Below, the tabled is visualized in HTML using the tabulate package.

html_table = tabulate.tabulate(final_rows, headers="keys", tablefmt="html")
display(HTML(html_table))

sampler	det	key	tides	precessing	likelihood_evaluations	sampling_time	likelihood_evaluations_per_sample	sampling_time_per_sample
dynesty	2det	aligned_without_tides	False	False	3.70063e+07	199.647	7530.13	0.0406215
pocomc	2det	aligned_without_tides	False	False	3.0755e+06	23.7154	748.646	0.00577309
dynesty	3det	aligned_without_tides	False	False	3.32848e+07	167.326	7273.28	0.0365777
pocomc	3det	aligned_without_tides	False	False	2.39225e+06	34.9858	589.681	0.00871153
dynesty	2det	aligned_with_tides	True	False	2.9891e+07	181.365	5479.18	0.0332435
pocomc	2det	aligned_with_tides	True	False	4.21025e+06	35.7803	1002.25	0.00851231
dynesty	3det	aligned_with_tides	True	False	3.78867e+07	295.931	6686.32	0.0520885
pocomc	3det	aligned_with_tides	True	False	4.518e+06	34.2139	1139.58	0.00862485
dynesty	2det	precessing_without_tides	False	True	2.94294e+07	129.721	5941.8	0.0261922
pocomc	2det	precessing_without_tides	False	True	6.31048e+06	43.7491	1895.31	0.0131671
dynesty	3det	precessing_without_tides	False	True	4.11257e+07	303.005	7173.85	0.0528544
pocomc	3det	precessing_without_tides	False	True	1.87365e+07	272.752	2417.02	0.0349982
dynesty	2det	precessing_with_tides	True	True	2.52399e+07	169.877	4660.23	0.0313742
pocomc	2det	precessing_with_tides	True	True	1.80425e+07	143.586	2389.23	0.0190107
dynesty	3det	precessing_with_tides	True	True	3.28534e+07	346.132	5394.8	0.0566086
pocomc	3det	precessing_with_tides	True	True	1.98465e+07	153.395	2556.12	0.0198097

Latex tables#

We then generate the latex tables for the paper.

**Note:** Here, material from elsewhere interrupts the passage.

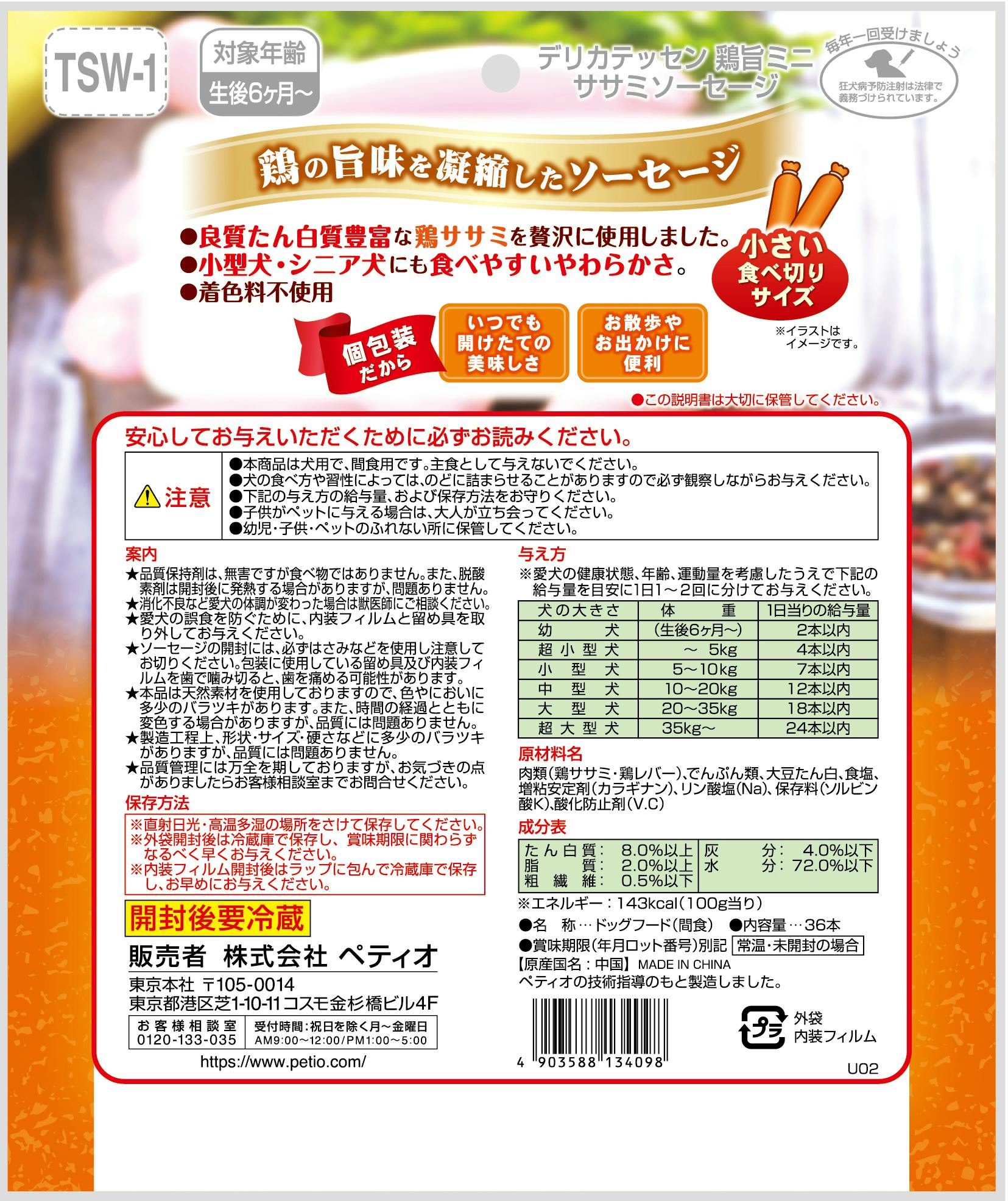 ペティオ デリカテッセン鶏旨ミニササミソーセージ36本 4903588134098 3417249001【別送品】
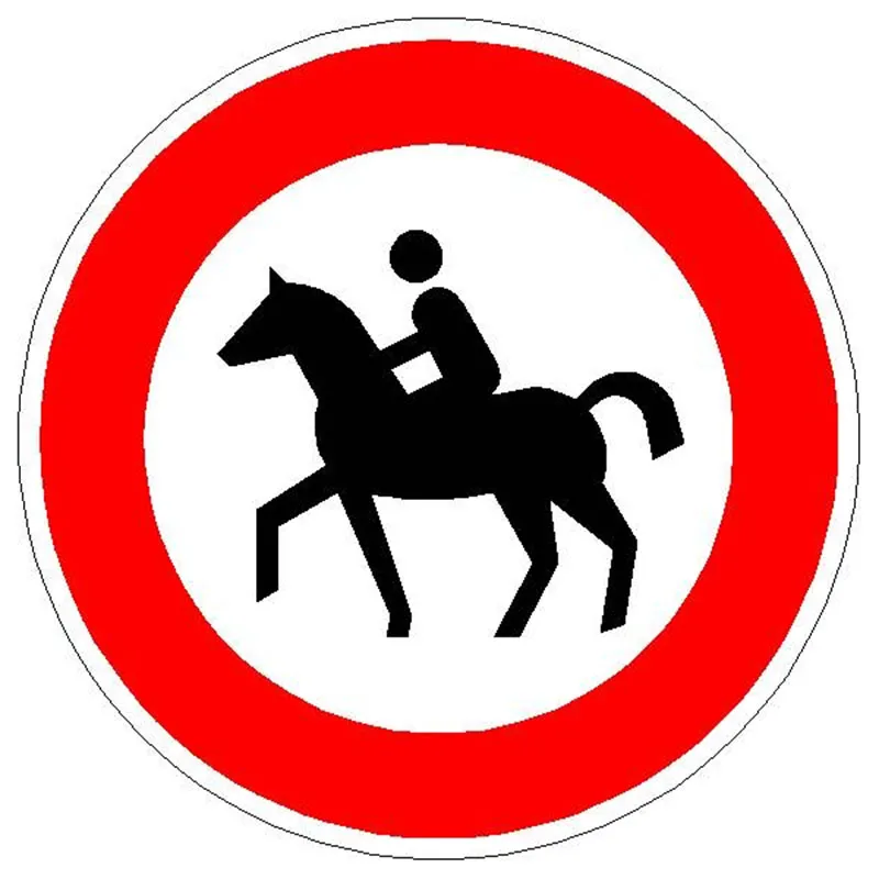 Bedeutung: Das Verkehrszeichen 257-51 schreibt ein Reitverbot vor. Das Führen von Pferden ist erlaubt.

These are written to files in the tables directory.

table_data = defaultdict(
    lambda: defaultdict(lambda: defaultdict(lambda: defaultdict(list)))
)

for ndet in [2, 3]:
    data = []
    for row in final_rows:
        if row["det"] == f"{ndet}det":
            continue
        else:
            data.append(row)

    def format_sci_latex(x, precision=2):
        """Format number in LaTeX-style scientific notation."""
        if x == 0:
            return f"${0:.{precision}f}$"
        exponent = int(np.floor(np.log10(abs(x))))
        mantissa = x / (10**exponent)
        return f"${mantissa:.{precision}f} \\times 10^{{{exponent}}}$"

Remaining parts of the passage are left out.